Data section —
=======

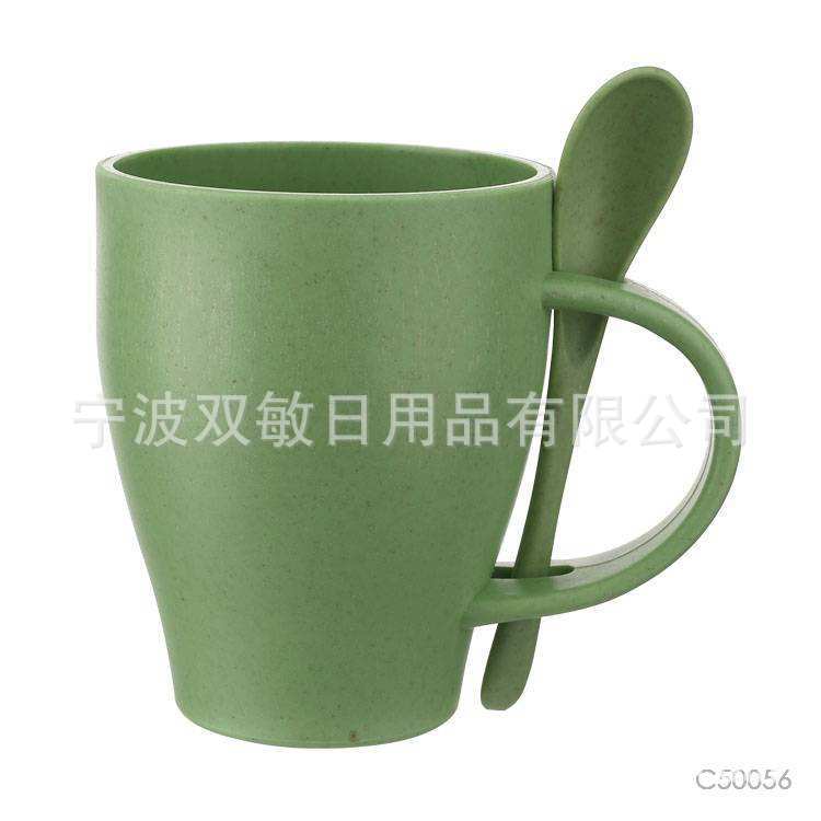 12oz小麦わらスプーン付きコーヒーカップハンドル付きプラスチックミルクカップplaカップ、ppプラスチックカップ
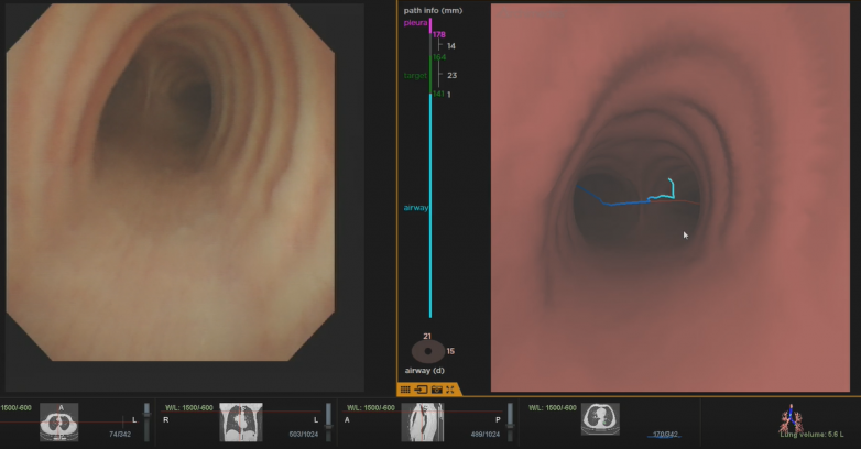 当天接受手术的患者已确诊肺腺癌,因心脏功能不全无法行外科手术切除。经过与患者充分沟通后,李教授团队根据相关指南共识为患者定制了“经支气管射频消融治疗”方案。
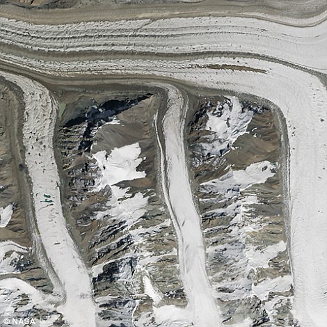 'L': The Moderate Resolution Imaging Spectroradiometer (MODIS) on the Aqua satellite captured this image of snow across the northeastern United States (left). 'K': The Operational Land Imager (OLI) on Landsat 8 captured this image of glaciers in the Tian Shan mountains in northeastern Kyrgyzstan
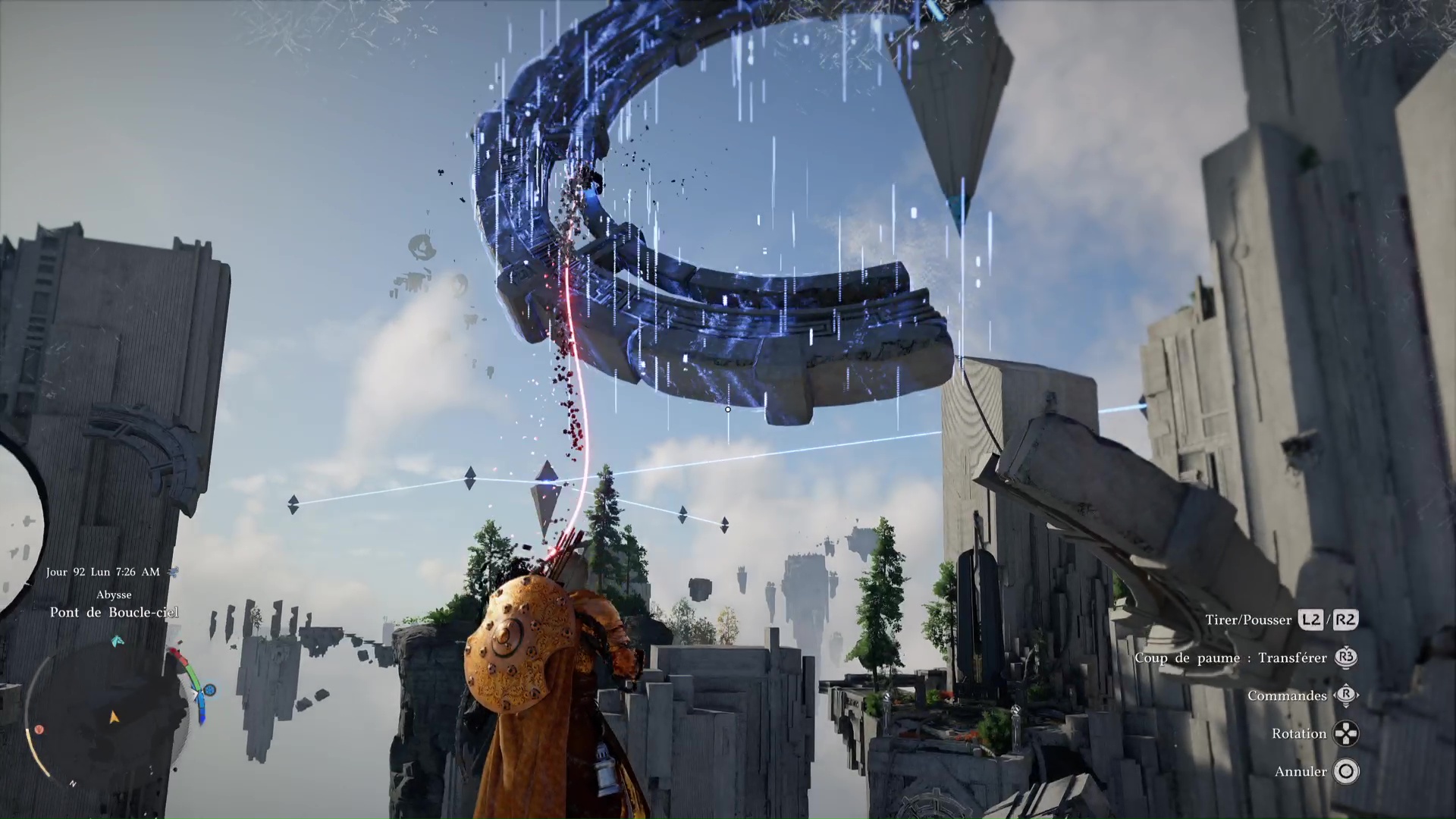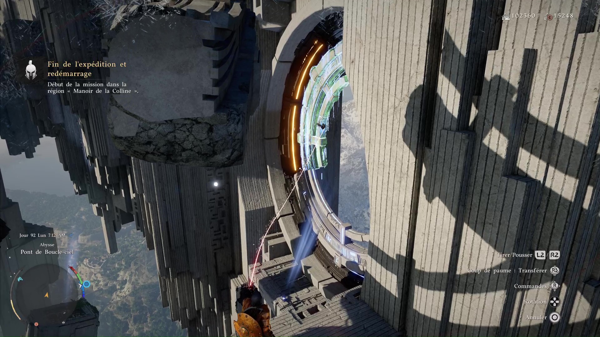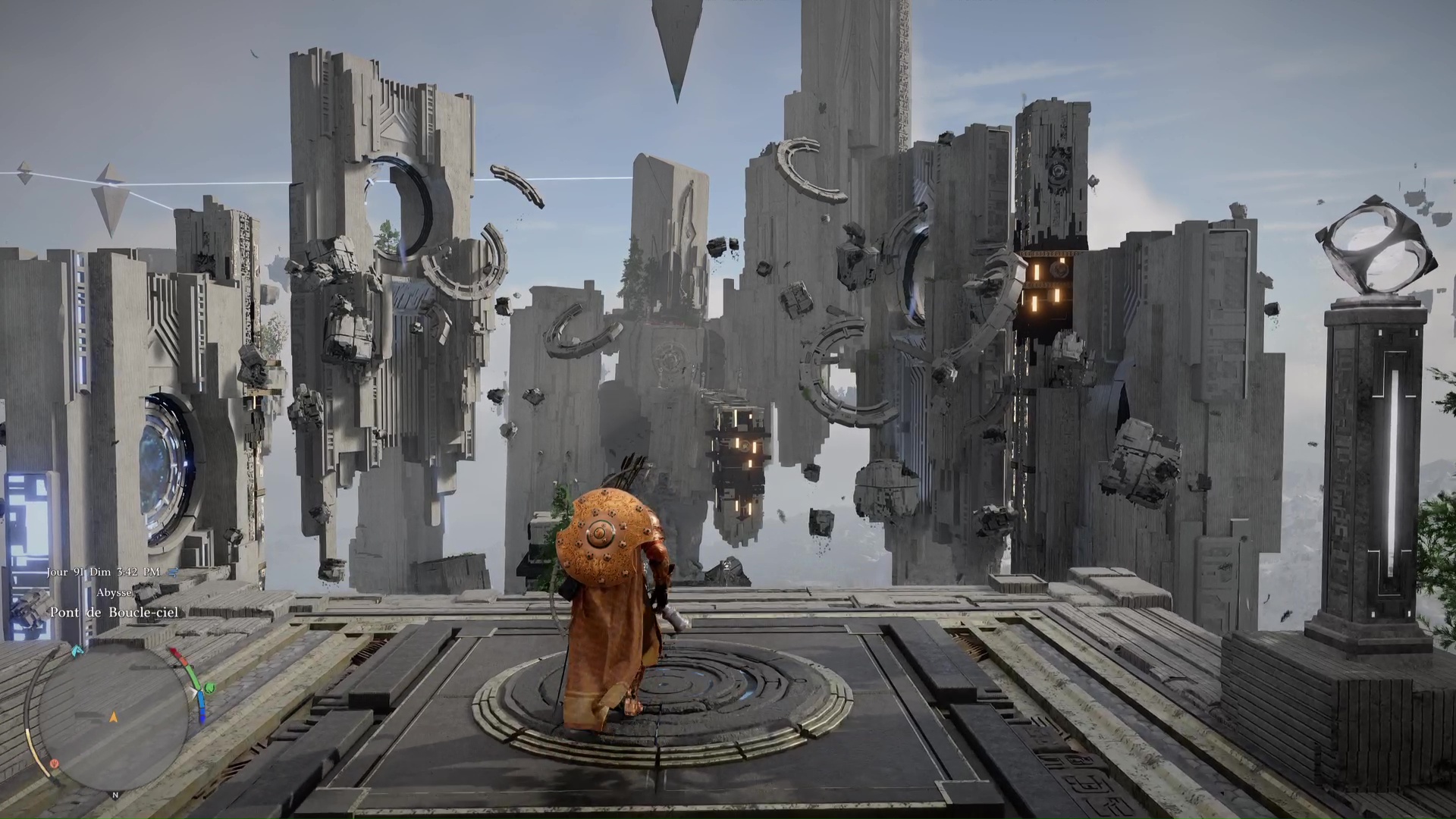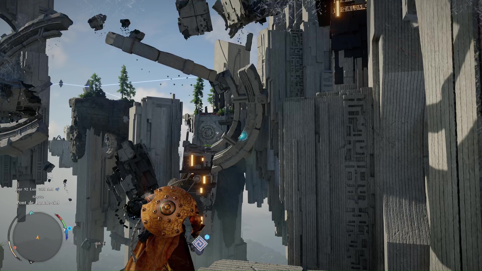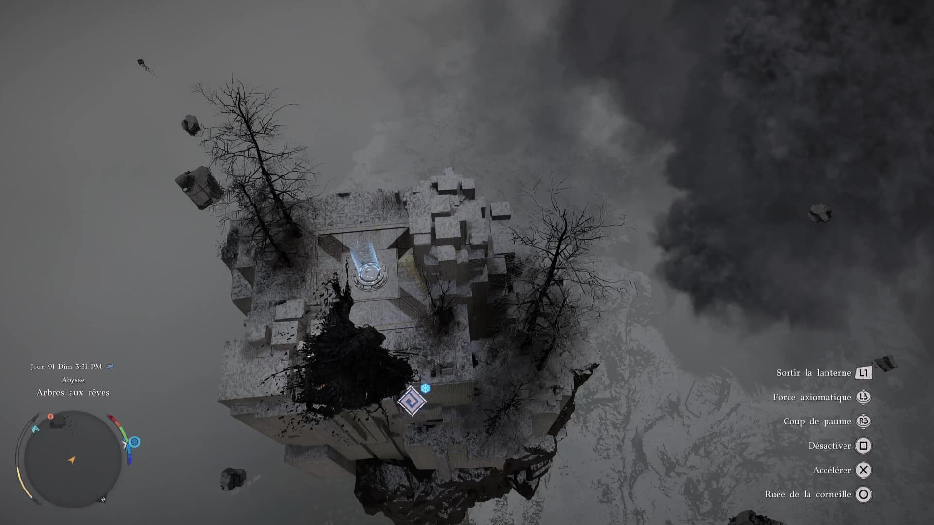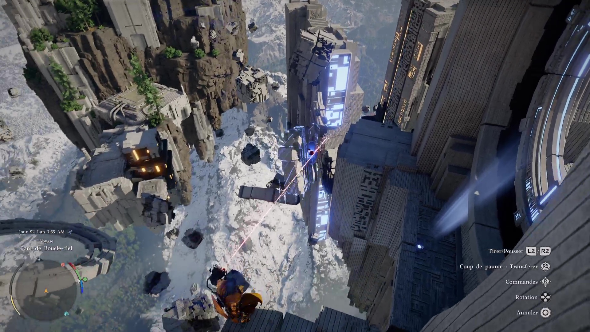 Planez jusqu’au mécanisme, grimpez dessus et, en son centre, réalisez un coup de paume pour l’activer tout en maintenant L2/LT. Le monolithe va se remettre en marche et vous donner accès à l’artefact abyssal de fin de parcours.

=======

The lines from the beginning of the listing above through the line holding "当天接受手术的患者已确诊肺腺" are to be duplicated exactly, and the pictures omitted.

 12oz小麦わらスプーン付きコーヒーカップハンドル付きプラスチックミルクカップplaカップ、ppプラスチックカップ
 当天接受手术的患者已确诊肺腺癌,因心脏功能不全无法行外科手术切除。经过与患者充分沟通后,李教授团队根据相关指南共识为患者定制了“经支气管射频消融治疗”方案。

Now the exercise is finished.